▸ **ASSIGNMENT**: Every entry below should be transcribed exactly; pictures stay out of the copy.

▸ **Dataset records**:

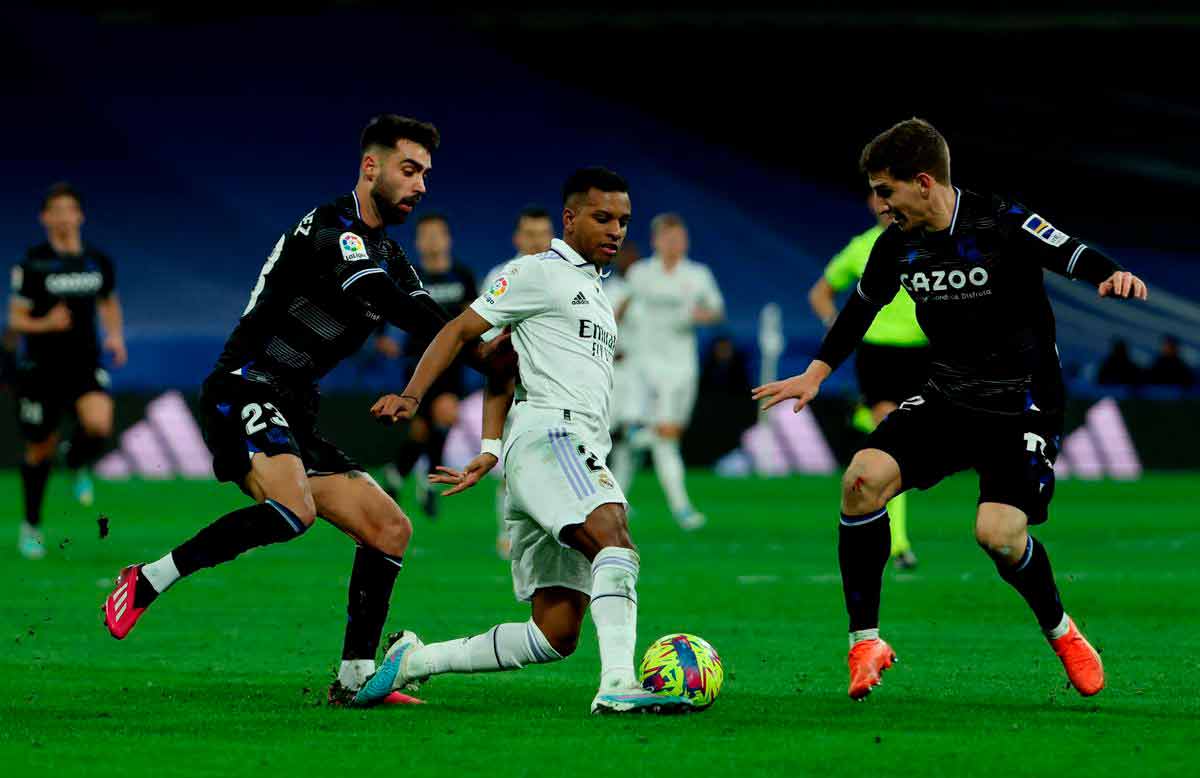 La Real tiene piezas importantes en ataque y en el nueve han sumado a André Silva y a Sadiq que prácticamente estuvo inédito el curso pasado por una lesión. Además, Kubo ha dado un paso en cuanto a cifras goleadoras y Barrenetxea también parece más maduro y dispuesto a sumar de cara a puerta. En 4 partidos han logrado siete goles aunque todos ellos en su feudo. La Real es un equipo con calidad, talento e imaginación en ataque. En cualquier jugada, una genialidad en forma de pase de Kubo, la presencia en el área o el disparo de Brais, el olfato de Oyarzábal, la llegada de Merino o el desborde de Barrenetxea. Por las bandas serán un cuadro peligroso a la contra con espacios o en los desmarques inteligentes y dañinos de Oyarzábal. Rüdiger y Alaba tendrán que estar atentos al delantero vasco porque se mueve bien, baja a recibir y participar del juego, abre huecos para la subida de los interiores y en las inmediaciones del área saca su disparo con la zurda con rapidez y potencia.
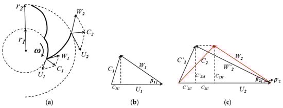 where C1U and C2U are the projection of absolute velocities at the impeller inlet and outlet to the direction of peripheral velocities. Applying the velocity triangle relationship in Figure 3, one can obtain:
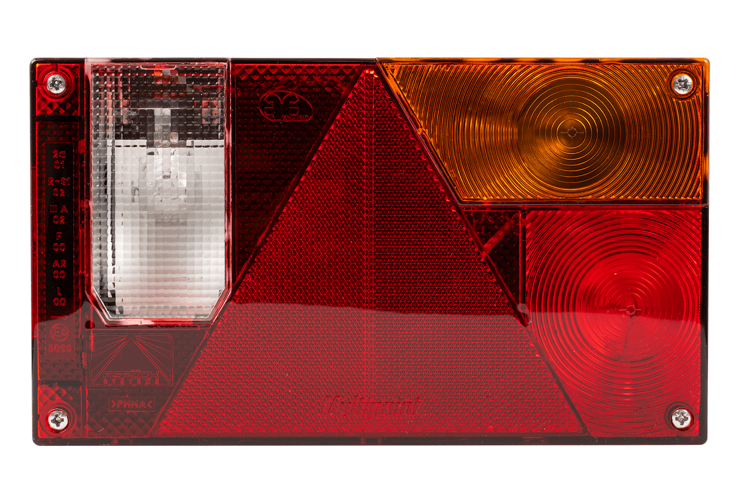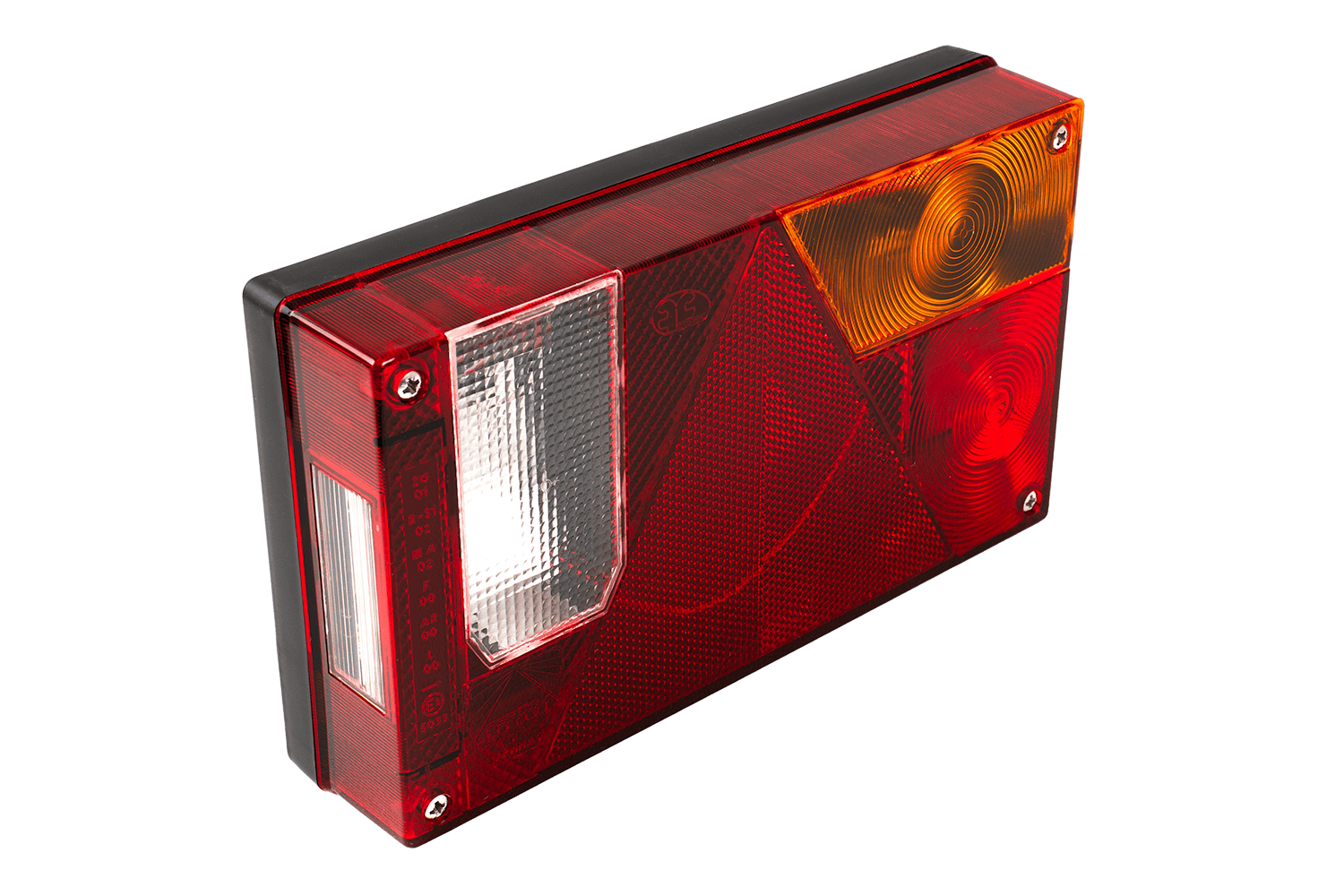 - Multipoint I achterlicht voor montage aan de rechterzijde. Het heeft de volgende functies: achterlicht, remlicht, achteruitrijlicht, kentekenverlichting, richtingaanwijzer en reflector. Voor gebruik in aanhangwagens, vrachtwagens en landbouwmachines.
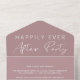 Elégante salle de roses poussiéreuse ou faire-part de mariage privé et réception post mariage le tout dans une invitation. "Happily Ever After Party" est écrit dans un mélange de typographie simple et d'écriture moderne. Une carte postale RSVP détachée offre une réponse commode, écologique et sans enveloppe de la part de vos invités.
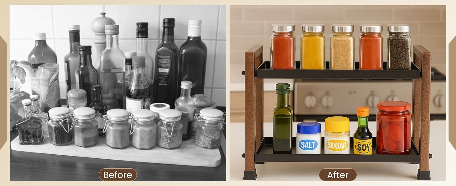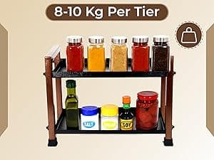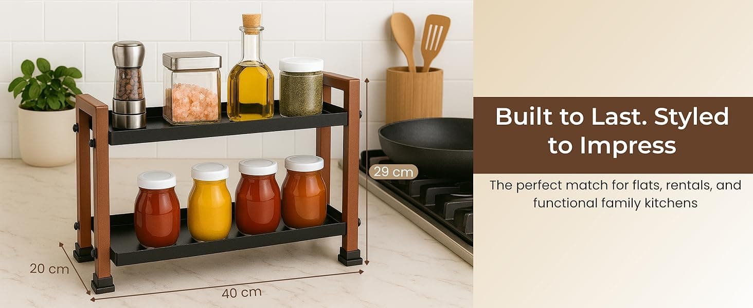 • Ideal Shelf for Oils & Spices – Perfect as an oil bottle stand, masala stand, or kitchen condiment organiser, this compact rack holds spice jars, oil bottles, and coffee containers securely while keeping your platform clean and clutter-free
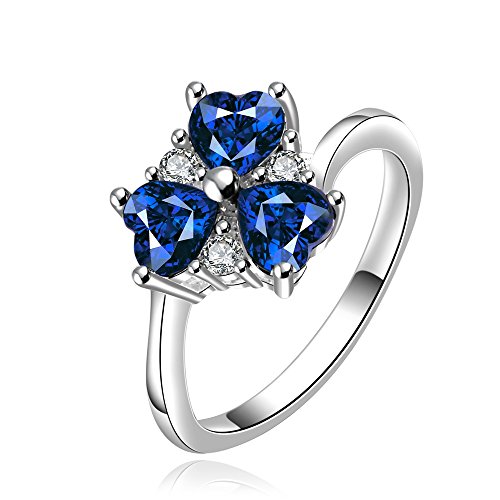 Nykkola Anello placcato argento Sterling 925, con cristalli blu a forma di cuore, da donna
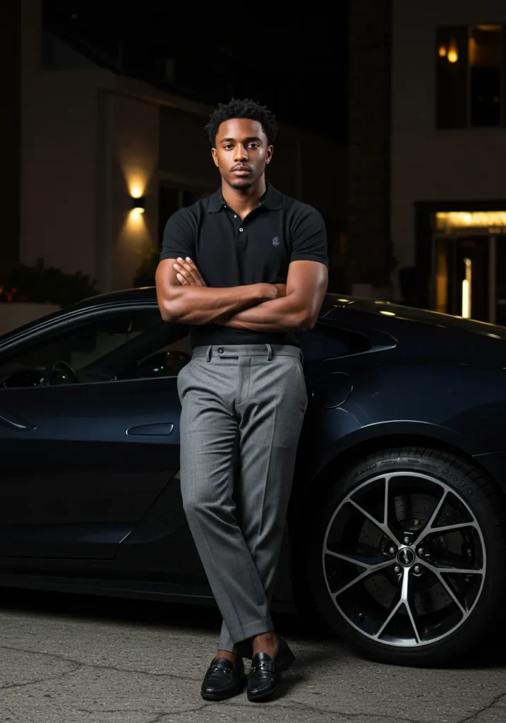 This look combines a fitted black polo with sharp grey trousers and classic loafers. Standing against a sleek car, the outfit feels bold yet restrained, proving that simple colors can carry serious impact.
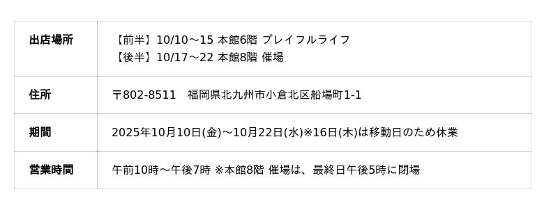 建設DXに取り組む野原グループ株式会社(本社:東京都新宿区、代表取締役社長:野原弘輔)は、2025年10月10日(金)~10月22日(水)の13日間、小倉井筒屋(福岡県北九州市小倉北区船場町1-1)にGOOD DESIGN STORE TOKYO by NOHARAがPOPUP初出店することをお知らせいたします。
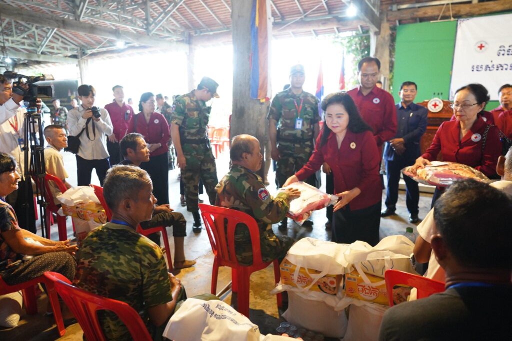 ចំពោះមុខនៃការលំបាករបស់ប្រជាពលរដ្ឋភៀសសឹកនេះ កាកបាទក្រហមកម្ពុជា ដែលជាអង្គការមនុស្សធម៌គ្មានព្រំដែន ដឹកនាំដោយសម្តេចកិត្តិព្រឹទ្ធបណ្ឌិត ប៊ុន រ៉ានី ហ៊ុនសែន បានធ្វើសកម្មភាពយ៉ាងសស្រាក់សស្រាំជាមួយរាជរដ្ឋាភិបាល និងអាជ្ញាធរពាក់ព័ន្ធ ដើម្បីចែកជូននូវស្បៀងអាហារ និងសម្ភារៈប្រើប្រាស់ផ្សេងៗជាបន្តបន្ទាប់ ចូលរួមរំលែកនូវការលំបាកទាំងឡាយ។
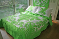 アップリケはパステルグリーンのむら染めで、バックグラウンドはスーパーホワイト生地でカラーゴーディネートしました。デザインはシルバーソードという植物なのですが、むら染め独自の色合いのためまるで生きているようで、マイナスイオンが湧き出ているような仕上がりです。寝室を明るくすることはいうまでも無く、観葉植物を飾る感覚でお部屋のコーディネートをされてはいかがでしょうか。
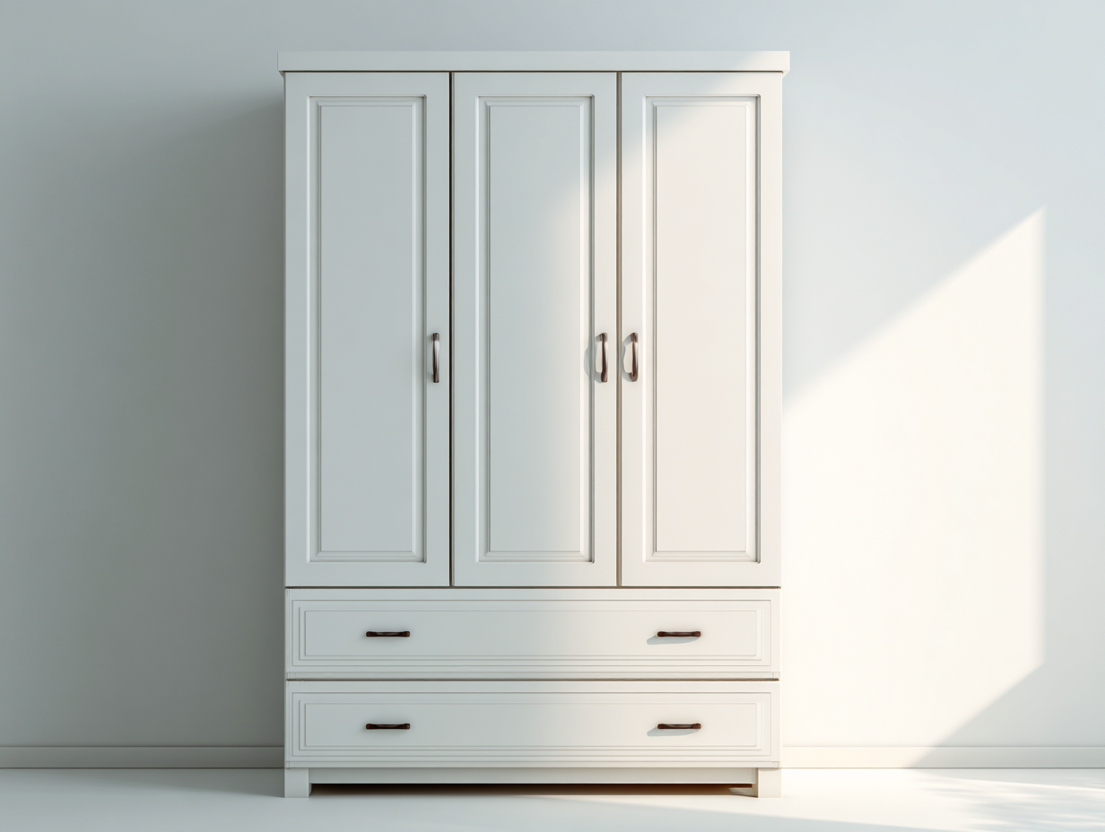 Armadio a 3 ante dallo stile classico, progettato per offrire una soluzione pratica e ordinata per l'arredo della camera da letto. Il colore bianco uniforme e le linee tradizionali donano un aspetto elegante e facilmente abbinabile a diversi contesti abitativi.

▸ **RESPONSE FOR THIS EXERCISE**:
 La Real tiene piezas importantes en ataque y en el nueve han sumado a André Silva y a Sadiq que prácticamente estuvo inédito el curso pasado por una lesión. Además, Kubo ha dado un paso en cuanto a cifras goleadoras y Barrenetxea también parece más maduro y dispuesto a sumar de cara a puerta. En 4 partidos han logrado siete goles aunque todos ellos en su feudo. La Real es un equipo con calidad, talento e imaginación en ataque. En cualquier jugada, una genialidad en forma de pase de Kubo, la presencia en el área o el disparo de Brais, el olfato de Oyarzábal, la llegada de Merino o el desborde de Barrenetxea. Por las bandas serán un cuadro peligroso a la contra con espacios o en los desmarques inteligentes y dañinos de Oyarzábal. Rüdiger y Alaba tendrán que estar atentos al delantero vasco porque se mueve bien, baja a recibir y participar del juego, abre huecos para la subida de los interiores y en las inmediaciones del área saca su disparo con la zurda con rapidez y potencia.
 where C1U and C2U are the projection of absolute velocities at the impeller inlet and outlet to the direction of peripheral velocities. Applying the velocity triangle relationship in Figure 3, one can obtain:
 - Multipoint I achterlicht voor montage aan de rechterzijde. Het heeft de volgende functies: achterlicht, remlicht, achteruitrijlicht, kentekenverlichting, richtingaanwijzer en reflector. Voor gebruik in aanhangwagens, vrachtwagens en landbouwmachines.
 Elégante salle de roses poussiéreuse ou faire-part de mariage privé et réception post mariage le tout dans une invitation. "Happily Ever After Party" est écrit dans un mélange de typographie simple et d'écriture moderne. Une carte postale RSVP détachée offre une réponse commode, écologique et sans enveloppe de la part de vos invités.
 • Ideal Shelf for Oils & Spices – Perfect as an oil bottle stand, masala stand, or kitchen condiment organiser, this compact rack holds spice jars, oil bottles, and coffee containers securely while keeping your platform clean and clutter-free
 Nykkola Anello placcato argento Sterling 925, con cristalli blu a forma di cuore, da donna
 This look combines a fitted black polo with sharp grey trousers and classic loafers. Standing against a sleek car, the outfit feels bold yet restrained, proving that simple colors can carry serious impact.
 建設DXに取り組む野原グループ株式会社(本社:東京都新宿区、代表取締役社長:野原弘輔)は、2025年10月10日(金)~10月22日(水)の13日間、小倉井筒屋(福岡県北九州市小倉北区船場町1-1)にGOOD DESIGN STORE TOKYO by NOHARAがPOPUP初出店することをお知らせいたします。
 ចំពោះមុខនៃការលំបាករបស់ប្រជាពលរដ្ឋភៀសសឹកនេះ កាកបាទក្រហមកម្ពុជា ដែលជាអង្គការមនុស្សធម៌គ្មានព្រំដែន ដឹកនាំដោយសម្តេចកិត្តិព្រឹទ្ធបណ្ឌិត ប៊ុន រ៉ានី ហ៊ុនសែន បានធ្វើសកម្មភាពយ៉ាងសស្រាក់សស្រាំជាមួយរាជរដ្ឋាភិបាល និងអាជ្ញាធរពាក់ព័ន្ធ ដើម្បីចែកជូននូវស្បៀងអាហារ និងសម្ភារៈប្រើប្រាស់ផ្សេងៗជាបន្តបន្ទាប់ ចូលរួមរំលែកនូវការលំបាកទាំងឡាយ។
 アップリケはパステルグリーンのむら染めで、バックグラウンドはスーパーホワイト生地でカラーゴーディネートしました。デザインはシルバーソードという植物なのですが、むら染め独自の色合いのためまるで生きているようで、マイナスイオンが湧き出ているような仕上がりです。寝室を明るくすることはいうまでも無く、観葉植物を飾る感覚でお部屋のコーディネートをされてはいかがでしょうか。
 Armadio a 3 ante dallo stile classico, progettato per offrire una soluzione pratica e ordinata per l'arredo della camera da letto. Il colore bianco uniforme e le linee tradizionali donano un aspetto elegante e facilmente abbinabile a diversi contesti abitativi.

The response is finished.